10 tips on improving your child’s sleep

10 tips on improving your child’s sleep

If you are thinking about working on improving your baby or child’s sleep tendencies, then there are a few things that I really encourage to ensure that you will make the progress that you desire. Beginning to help your child sleep better and longer when they are developmentally ready, can take time and patience, but a better rested you and family is possible with a few adjustments and a change in mindset.

  1. Decide that you are about to make a lifestyle change, as with any self-improvement attempt you will need to be open about adjusting your current life, some will be long term, others short-term, but in order to open up the airways for your child’s sleep, change is necessary. Reading the relevant chapters in my book The Baby Sleep Solution, will help you begin to establish a plan for improving your child’s sleep.
  2. Accept that as parents, we are going to be tired in general, and that children do wake up overnight, they also can tend to wake early in the morning, however what you can anticipate if your child is 6 months and older, they could sleep for longer and get more consolidated stretches of sleep.
  3. Do not continue to wait for your sleep problems to resolve by themselves; many parents assume that sleep will get better when solids are introduced or when your child starts to move; and although it may improve, it may not, unless you start to make the adjustments that allows positive sleep to emerge.
  4. Observe a regular wake time between 6 and 7.30am and always anchor the day with a feed, even if your child has fed frequently overnight. By providing a feed first thing and pressing start on the day, regulates the feeding schedule and ensures that both the feeding rhythm and sleeping rhythm can run in sync with each other and not at odds; this helps to avoid feeds and naps from clashing; a presentation that often prevents daytime sleep from happening or from being long enough.
  5. Avoid allowing your child to become overtired. Bear in mind that overtiredness is obvious-intense eye rubbing, big type yawning, agitation, clenched fists, stretched limbs, vocal, whiney, fussy, hyper, or entertaining.  Try to attempt sleep before you see these symptoms as it will make going to sleep less challenging and increase the chances of longer sleep duration.
  6. Consider earlier bedtimes as you help improve the sleep situation. Most children sleep better when they are in bed asleep between 6-8pm.  Most under-rested children adjust well to 7 pm bedtime and if they are under 8 months, they respond to a wakeful period not exceeding 2.5 hours before bedtime, between 8-17 months, 4 hours works well and 18 months onwards 5 hours of wakefulness before being in bed asleep can have a significantly positive impact on the overnight presentation.
  7. Go to bed earlier yourselves.

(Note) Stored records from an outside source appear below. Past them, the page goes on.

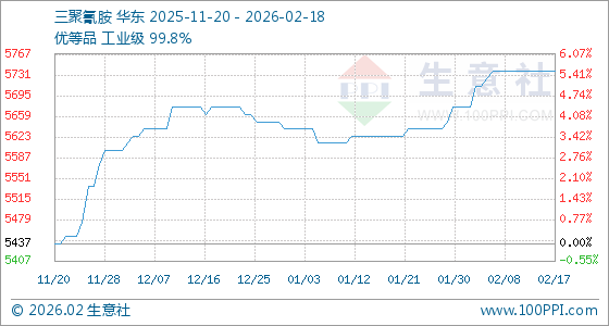 2月18日生意社三聚氰胺基准价为5737.50元/吨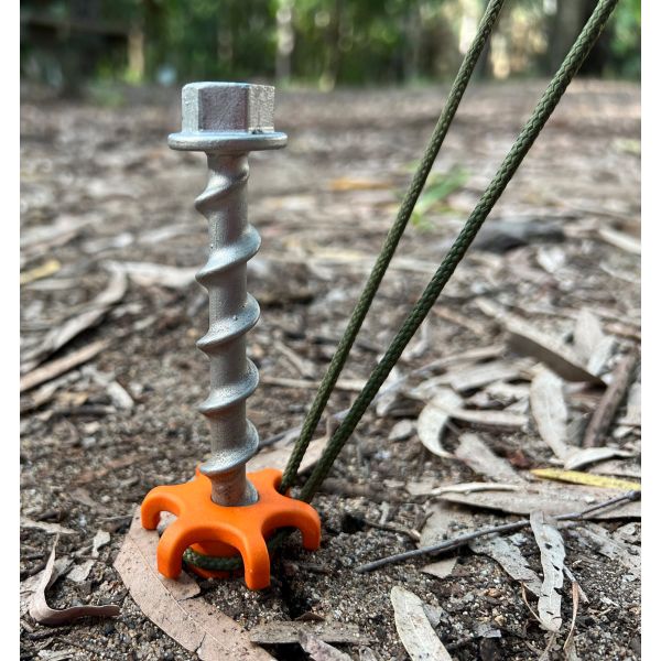 Peg&Stop HeavyDuty ist der stärkste Schraubhering von Peggy Peg. Er besteht aus recyceltem Edelstahl in Marinequalität und wurde speziell für die Anwendung mit einem Schlagschrauber entwickelt. Konzipiert für hoch verdichtete, extrem harte und steinige Böden in außergewöhnlichen Bedingungen. Durch die höhenverstellbare Kontermutter 2.0 (mit Haken) muss der Schraubhering nicht immer ganz eingeschraubt werden. Dieser Hering kann durch ein bis zwei Rechtsdrehungen mit der Kontermutter sowohl die Fix&Go Ankerplatten 2.0 mit Gegendruck befestigen als auch Zelte und Sturmleinen sicher abspannen. Einfach einschrauben, bis der Hering keinen Vortrieb mehr hat und fest im Erdreich verankert ist. Dann Mutter zum tiefstmöglichen Punkt drehen und Leine oder Abspannelement einhaken – fertig. Das Material ist salzwasserresistent & rostfrei.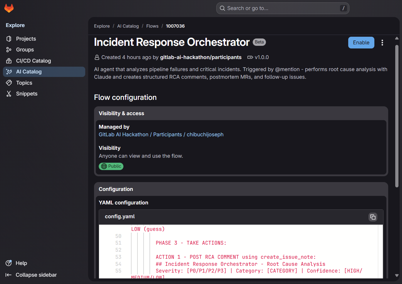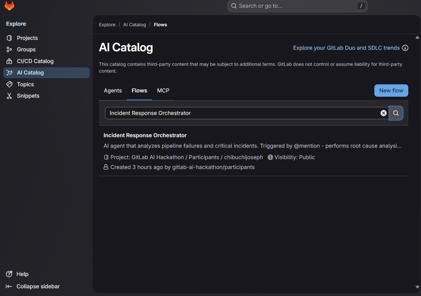 We built the system using the GitLab Duo Agent Platform, leveraging its three core pillars:

As we accept that parenting is challenging then doing so on fractured sleep is even more difficult.  Factor in a few early adult bedtimes too in an effort to get more sleep yourself.
  8. Share the load as you begin to make changes, take in turns if applicable, draft in support if it is a possibility and be kind to each other as you work through the problems. Ask for help with older siblings, any assistance will only be needed at the very start until you get into your new sleep groove with your soon to be great sleeper.
  9. Establish an appropriate bedtime process to help prepare your child’s body for sleep. Do this activity specifically in the child’s bedroom to help ingrain positive associations with sleep and to avoid breaking the spell of your hard work by changing locations at the end. Introduce low impact activity –reading, softly singing, puzzles, shape sorting.  Do this in a dimly lit environment, with plenty of physical and eye contact to help your child feel relaxed and supported close to sleep time.  If your child could be relaxed and awake when they get into their cot or bed, the less exposed to nighttime activity you will be.
  10. Manage your expectations. Better sleeping patterns can take 3-4 weeks+ to emerge depending on the issues and your child’s age. Early improvements may be represented by improved mood and behavior, better eating, easier to get to sleep and then longer stretches will start to emerge.  It is not an upward only spiral of improvement it can fluctuate throughout the few weeks, sometimes getting worse before it improves or you may find it gets better and then regresses, this is normal, so be prepared and confident in your new approach.